DATA SUPPLIED:
= Beginning of Section =
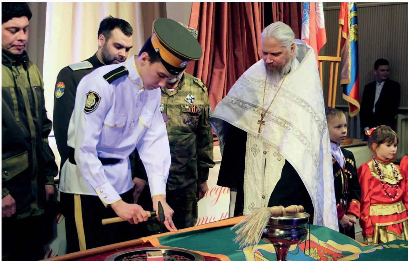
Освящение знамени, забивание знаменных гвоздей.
= End of Section =
= Beginning of Section =
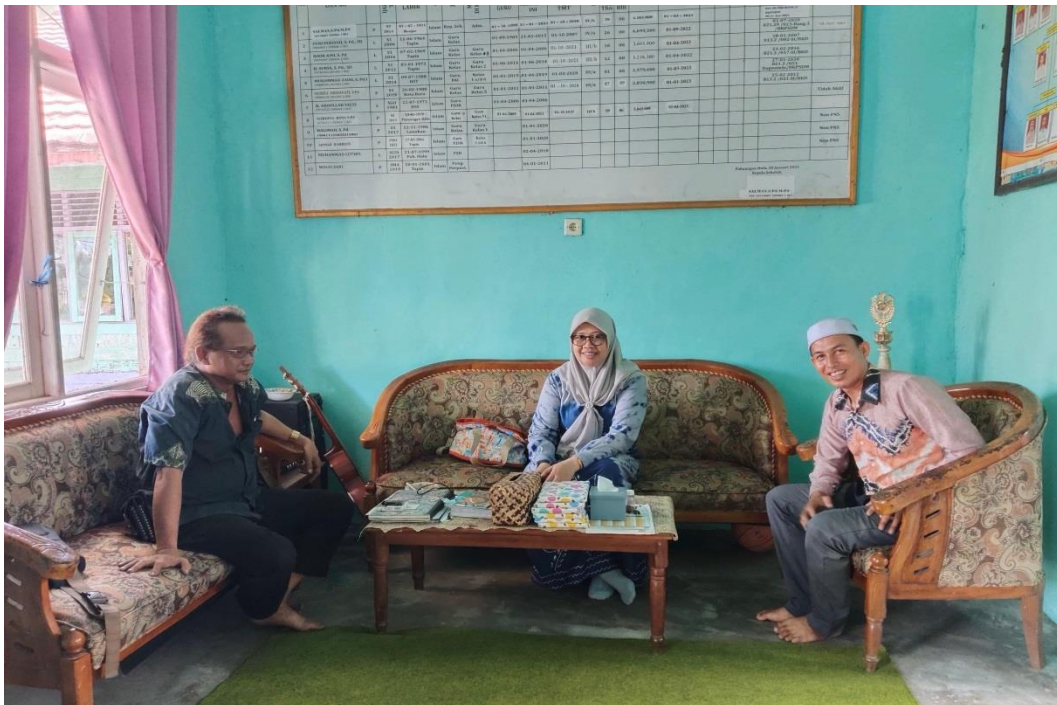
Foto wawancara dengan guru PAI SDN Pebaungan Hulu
= End of Section =
= Beginning of Section =
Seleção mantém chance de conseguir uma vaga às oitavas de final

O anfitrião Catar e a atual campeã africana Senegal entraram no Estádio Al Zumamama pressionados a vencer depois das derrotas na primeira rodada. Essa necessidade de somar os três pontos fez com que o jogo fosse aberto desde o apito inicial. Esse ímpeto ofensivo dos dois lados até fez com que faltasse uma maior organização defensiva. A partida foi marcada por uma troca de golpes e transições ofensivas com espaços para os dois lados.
= End of Section =
PROBLEM DETAILS:
From the material above, set down exactly the lines between the line holding "Seleção mantém chance" and the line holding "O anfitrião Catar", inclusive. Include nothing else.

ANSWER BOX:
Seleção mantém chance de conseguir uma vaga às oitavas de final

O anfitrião Catar e a atual campeã africana Senegal entraram no Estádio Al Zumamama pressionados a vencer depois das derrotas na primeira rodada. Essa necessidade de somar os três pontos fez com que o jogo fosse aberto desde o apito inicial. Esse ímpeto ofensivo dos dois lados até fez com que faltasse uma maior organização defensiva. A partida foi marcada por uma troca de golpes e transições ofensivas com espaços para os dois lados.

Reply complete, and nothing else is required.